Повесть. Соавтор. Глава V

Глава V. Суд Раисы Ивановны. Схватка председателя с процессуальными лицами. Иск Федула.   

            И тогда, когда она пасла свиней в родной деревне, и тогда, когда собирала комсомольские членские взносы в университете, и даже тогда, когда на личном «Мерседесе» въезжала во двор вверенного ей государственного учреждения, председатель районного суда знала одно: она, Раиса Ивановна Пчёлкина, несколько умней всех. Автору точно не известно, что именно явилось поводом к такому её знанию — то ли виной послужили те самые свиньи, а то ли прочие домашние парнокопытные и разная живность обычного колхозного двора, а может быть, — и те и другие вместе взятые. Кто объяснит? К тому же то, почему некий федеральный служащий мнит себя чуток мудрей остальных, большого значения для нашего повествования не имеет, и останавливаться потому на нём подробней не станем.
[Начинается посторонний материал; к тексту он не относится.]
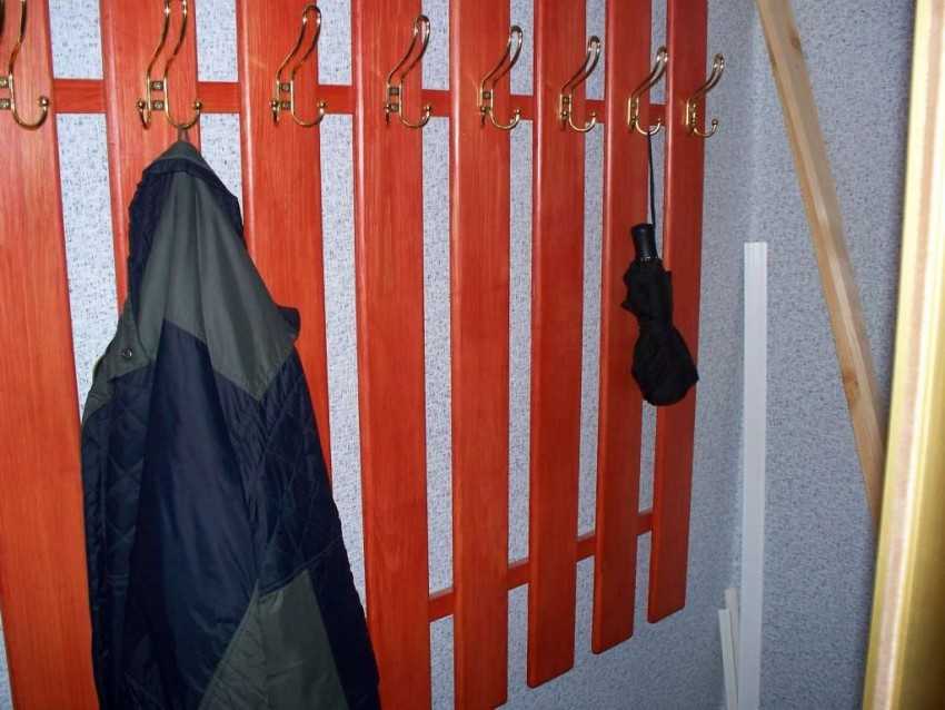 Самый популярный вид вешалок, отличающийся простотой изготовления. Простейшая конструкция состоит из небольшой доски и крючков, крепящихся к одной из ее сторон. В качестве крючков можно использовать обычные деревянные палочки, молотки или дверные ручки. С другой стороны к доске крепятся петли, на которых вешалка и будет держаться.
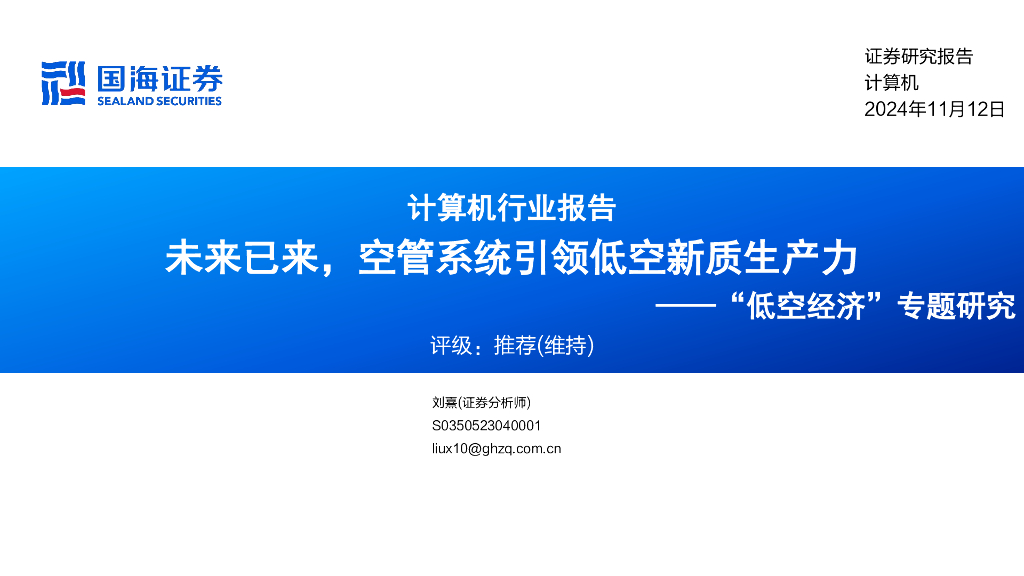 国海证券:计算机行业报告:“低空经济”专题研究-未来已来,空管系统引领低空新质生产力.pdf

            Итак, Раиса Ивановна считала себя умней всех, и, вполне возможно, была не слишком далека от истины. Именно по причине этого простого факта особо ответственные и запутанные дела председатель районного юридического органа власти Пчёлкина рассматривала лично, не доверяя подчинённым коллегам, которые в случае своего неправильного решения могли бы уронить честь её суда. Кстати, когда Раиса Ивановна произносила такие привычные слуху общественности слова, как «мой суд», создавалось впечатление, что речь идёт о чём-то действительно очень интимном и дорогом, каковым для многих, например, являются приватный банковский счёт или любезный пушистый кот без правого глаза.
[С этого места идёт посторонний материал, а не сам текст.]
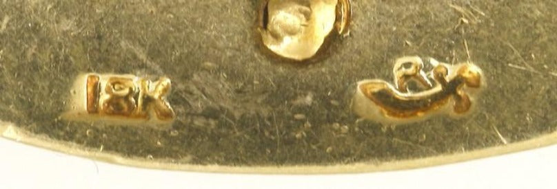 The cufflinks are stamped with the maker’s mark for Riker Brothers and 18K. We have tested them with nitric acid and guarantee them to be 18K gold. We have also tested the scimitar and guarantee it to be platinum.
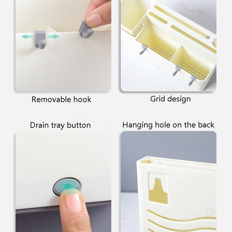 5. Χαρακτηριστικά: όμορφο και πρακτικό, μη σημαδεύουσα επικόλληση, οπές για κρέμασμα στο πίσω μέρος, απλή και βολική εγκατάσταση, χωρίς ζημιά στον τοίχο, αδιάβροχο και ανθεκτικό στην υγρασία, σταθερό και δεν πέφτει εύκολα, καλή φέρουσα ικανότητα, λείες ακμές και χωρίς γρέζια, αποσπώμενα άγκιστρα, σχεδιασμός διαμερίσματος, σύνδεση με ιμάντα Δίσκος νερού για εύκολη αποστράγγιση

            Вообще к правосудию Пчёлкина относилась не менее заботливо и рачительно, чем в бытность свою худой и долговязой деревенской девчонкой относилась она к собственным ненаглядным свиньям и крикливому петуху Сигизмунду. Пользуясь несомненными умом и опытом, она навела в нём такой же безупречный порядок и стерильную чистоту, какие навела когда-то  в личном деревенском свинарнике, а в здании, где оно (правосудие) отправлялось, пылинки было не сыскать. Да что пылинки? Дорогой ремонт и импортная мебель в кабинетах чиновников, вершащих честный и неподкупный суд, заставляли поверить любого в то, что закон здесь наконец победил грязь, взяточничество с коррупцией и ни в чьих деньгах он уже более не нуждается. При взгляде на мраморные стены и красное дерево дверей, ведущих в кабинеты его слуг, каждый истец верил, что будет удовлетворён по полной, неисправимый преступник трясся от страха, а всякий потерпевший обоснованно полагал, что обретёт тут вечный материальный и моральный покой.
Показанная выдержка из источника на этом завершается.